At this point, you are probably thinking that I am making this up. It is difficult to imagine anything as moronic as insisting that efforts to remove HIV, hepatitis and syphilis from donor breastmilk is culturally driven.
Unfortunately, Gribble is spewing her stupidity to the general public as well as in esoteric journals. An article on the website Megaphone Oz, No use crying over shared milk, includes this:
The risks of milk sharing include the transmission of bacteria and viruses such as CMV, HTLV and HIV. But in Australia, these risks are incredibly rare says Dr Karleen Gribble from the University of Western Sydney’s School of Nursing and Midwifery…
“You’re really at a greater risk of being struck by lightning,” Gribble says.

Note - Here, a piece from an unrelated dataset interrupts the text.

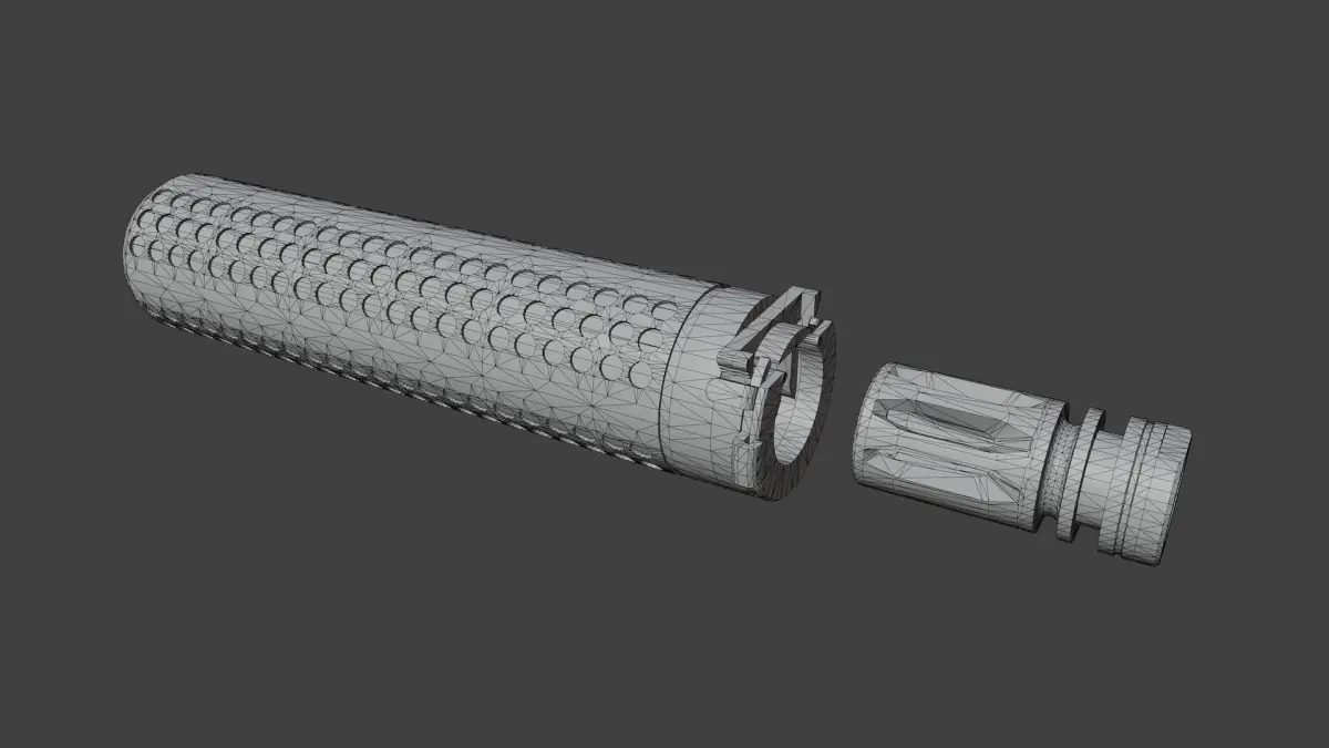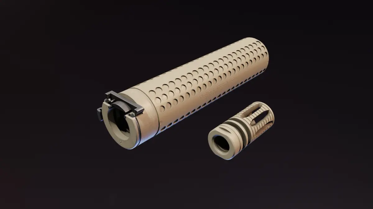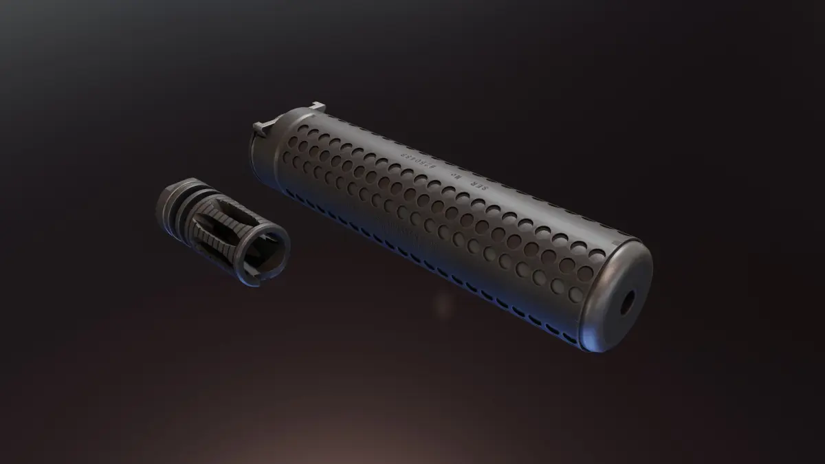 Suppressor and flash hidder have their own separate PBR Materials in 4K. Black and FDE colors are included.

Apparently Gribble has problems with basic arithmetic as well as basic logic. The risk of being struck by lightening is in the range of 1/1,000,000. The risk of unpasteurized donor breastmilk being contaminated with deadly pathogens is 1.6/100. Therefore, the risk of contaminated breastmilk is 1,000 times greater than the risk of being struck by lightening, but what’s a few zeros among friends.
Yes, sharing breastmilk is totally natural, but so is sharing deadly pathogens. It is only a matter of time before babies begin getting ill and dying from hepatitis and HIV contracted from peer-to-peer donated breastmilk.